The main focus of SPAN is utilizing the larger wave vector of SPs compared with the light at the same frequency. It is known that SPs will split into two modes, the high-frequency coupled SPs (HFSPs) and the low-frequency coupled SPs (LFSPs), in the thin metal layer structure [20]. It should be pointed out that the LFSPs has larger wave-vector than the one of SPs on the semi-infinite metal surface, which indicates that it is a better candidate for the nanolithography. A novel resonant structure named metal-based grating waveguide structure (GWS) has been used to couple the incident light for the high-frequency coupled mode [22], which is also effective for the low-frequency one.
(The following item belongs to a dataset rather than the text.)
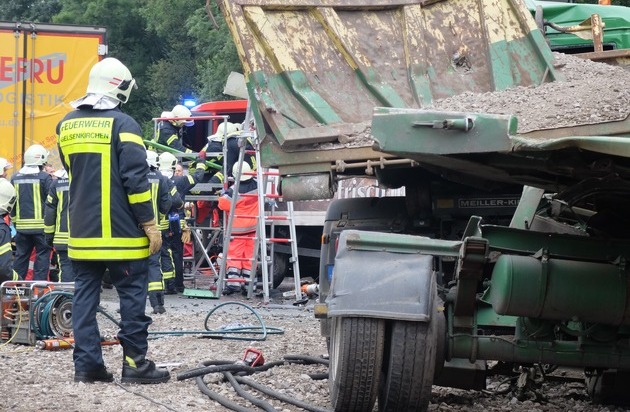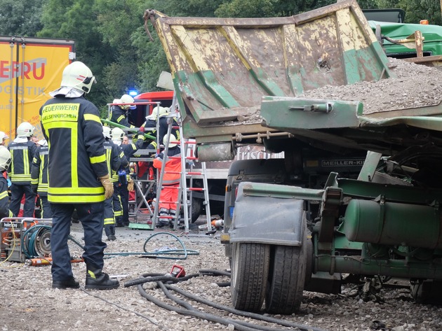 Um 11:00 Uhr kam es heute in Gelsenkirchen zu einem schweren Verkehrsunfall mit vier LKW auf der Autobahn 42 kurz hinter der Auffahrt Bismarck in Fahrtrichtung Oberhausen. Dabei wurden drei LKW-Fahrer schwer verletzt und in ihren Fahrzeugen eingeklemmt. Die Feuerwehr setzte ihr hydraulisches Rettungsgerät ein, um die Fahrer aus ihren stark deformierten und teilweise in sich verkeilten Fahrzeugen zu befreit. Durch die schwere des Unfalls gestaltete sich die Befreiung allerdings schwierig. Während den Arbeiten an den Fahrzeugen, wurden die drei Verletzten durch Notärzte medizinisch versorgt und im Anschluss an ihre Rettung zur weiteren Behandlung mit Rettungswagen in Gelsenkirchener Krankenhäuser gebracht. Insgesamt waren sechsundvierzig Einsatzkräfte an dem Einsatz beteiligt. Unterstützt wurden die Feuerwehr Gelsenkirchen durch den Rettungshubschrauber Christoph 9 aus Duisburg, einem Notarzt und RTW aus Herne und dem Feuerwehrkran aus Bochum, der allerdings nicht zum Einsatz kam. Während des gesamten Einsatzes war die A42 gesperrt. Die Unfallursache wird durch die Polizei ermittelt.

From metallic waveguide theory, the coupled SPs can be solved as symmetric (high-frequency) and antisymmetric (low-frequency) modes for waves guided by a metallic film [21]. In this letter, we use the metallic waveguide theory to design the subwavelength metallic grating waveguide structure (MGWS) that will excite appropriate coupled modes to give the high-resolution, spatial-frequency doubled lithography pattern. By comparing with the conventional SPAN, two potential lithography schemes will be carried out to improve the performance of the lithography patterns.

2. Simulation method and model

Two-dimensional Finite Difference Time Domain (FDTD) method [23] has been used in this work, because of its computational advantages of reducing memory requirement and ease in treating complex materials and shapes etc. Both the spatial area and the time interval are discretized. The Maxwell’s equations in differential form can be solved directly and the iterative expressions have been gained. The material can be represented in the mesh of the square cells. In our simulation, the cell size about 1nm is used. Time steps of less than 0.002 f s are used in order to satisfy the FDTD stability criteria. The perfectly matched layer(PML) with the width of 500nm has been used in the boundaries perpendicular to the propagating direction of the light [24]. The periodic boundary conditions have been used in the other boundaries. The Drude dispersion model is used to simulate the metallic film, whose expression is shown as follows,

$\epsilon \left(\omega \right)={\epsilon }_{\infty }+\frac{{\omega }_p^2}{2i\omega \nu -{\omega }^2}$

where ε _∞ is the relative permittivity at infinite frequency, ω_p the plasma frequency, and n the collision frequency. Here we set ε_∞=1. Other parameters can be automatically calculated in the simulation by the dispersion expression after specifying the permittivity of metal.

 

Fig. 1. Schematic diagram illustrating the MGWS and illumination conditions used for the simulations.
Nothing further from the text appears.